Compliance in Focus: DOJ Issues First FCPA Advisory Opinion in Six Years - A Note of Caution and Practical Takeaways
August 26, 2020
In an August 14, 2020 FCPA Opinion Release, DOJ confirmed that it would not prosecute a company for commercially reasonable payments made to a state-owned service provider in return for legitimate services rendered where there was no corrupt intent or diversion of money to any individual. The guidance arises from an inquiry by a U.S.-based investment advisor. The investment advisor sought to purchase assets from a subsidiary of a majority state-owned foreign investment bank. In connection with this transaction, the investment advisor received assistance from a different subsidiary of the state-owned investment bank, which sought compensation for its assistance with the successful purchase. DOJ confirmed that it did not intend to take enforcement action in relation to the payment under these circumstances, highlighting three factors key to its conclusion: (1) the payment would be made to a state-owned entity and not to any individual “foreign official”; (2) there were no red flags suggesting the payment would be diverted to any individual “foreign official”; and (3) the payment would be made in exchange for “specific, legitimate services” and is “commercially reasonable” in light of the services provided.
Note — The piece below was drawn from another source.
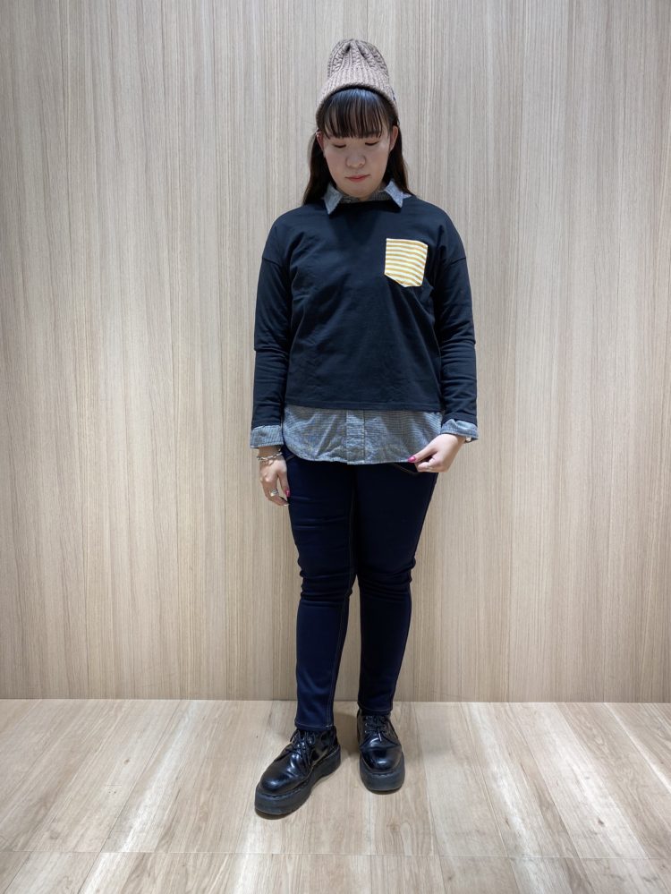 短め丈のカットソーにネルシャツをインする事でバランスの良いレイヤードが出来ました◎
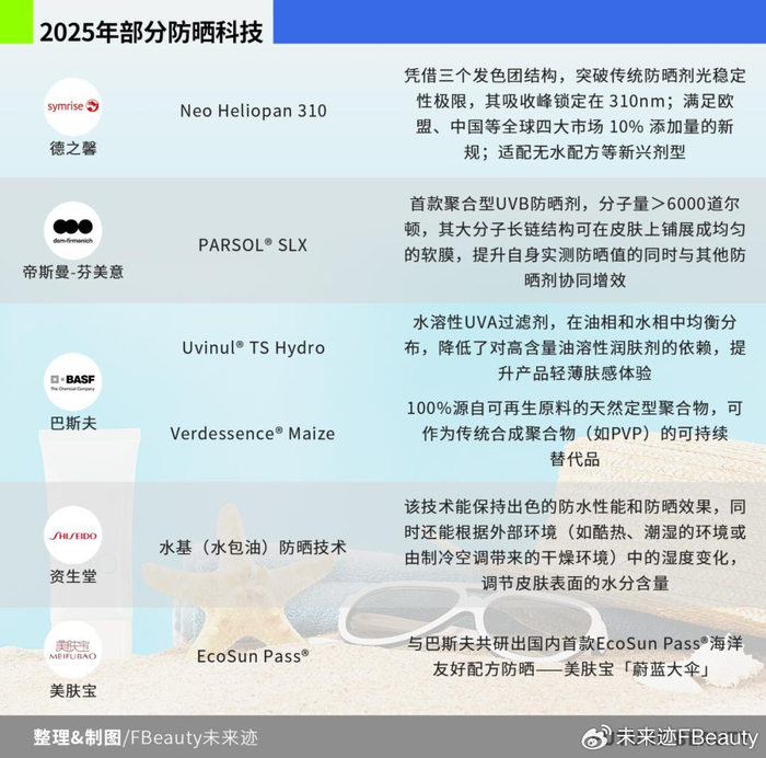从产业链上游看,防晒产品的肤感、成膜性和环境友好依旧是这一品类开发的基本功,而巴斯夫、德之馨、帝斯曼等防晒剂开发商去年推出的核心技术正是瞄准这一方向。

This guidance makes a critical distinction between payments to a state-owned entity and payments to a “foreign official,” but the application of this distinction is highly fact-specific. Companies should therefore be careful not to overinterpret this guidance and conclude that payments to government entities are less likely to result in enforcement action than before. In the discussion below, we highlight our take-aways as to how this most recent FCPA Opinion Release should be interpreted in practice.
Take-Away 1: Payments to State-Owned Entities Are Not Risk-Free
While payments to state-owned counterparties may not technically violate the anti-bribery provisions of the FCPA, U.S. authorities have taken enforcement action in relation to such payments under other provisions of the FCPA and federal criminal law. In addition, there is an inherent risk that a state-owned entity may divert funds to individual foreign officials. For this reason, such payments continue to raise significant corruption risks and should be carefully vetted and monitored.
Take-Away 2: Vetting the Commerciality of Third-Party Relationships Remains Critical
DOJ’s guidance did not turn entirely on the fact that the counterparty receiving the payment was state-owned. DOJ also highlighted the absence of evidence of corrupt intent and the fact that legitimate and valuable services were provided in exchange for a commercially reasonable payment. This guidance should serve as a reminder that, beyond reputational diligence and screening, companies must carefully vet the commercial terms of proposed relationships with third parties - including state-owned counterparties - to ensure that payment terms are commercially reasonable and that payments are made only in exchange for legitimate goods/services received.
Take-Away 3: The FCPA Opinion Release Procedure Remains a Valuable Tool
In the context of a fast-paced transaction, the substantial lag time between requesting an FCPA Opinion Release and receiving guidance can make an advisory opinion useless. Nevertheless, unlike the broader guidance available through the 2012 Resource Guide to the U.S. Foreign Corrupt Practices Act (“FCPA Guide”) (updated in July 2020), an FCPA Opinion Release creates a rebuttable presumption that the conduct does not violate the FCPA if it is consistent with that guidance. The specificity and binding nature of an opinion release provides comfort not available through any other avenue. Thus, while the FCPA Opinion Release procedure has not been used frequently in recent years, it remains a valuable tool for assessing enforcement risk when confronted with novel and complex fact patterns in high-risk circumstances.
In summary, while the FCPA Opinion Release procedure seems to have fallen out of fashion with the advent of the FCPA Guide, it remains a useful resource for individuals and companies facing novel and complex circumstances that raise significant corruption risks. However, the guidance offered through this procedure should be construed narrowly. In that regard, this most recent guidance should be interpreted in practice as reinforcing the varied risks raised by commercial relationships with state-owned counterparties and the value of robustly vetting such relationships to ensure that they are commercially reasonable and otherwise free of any indicia of corruption.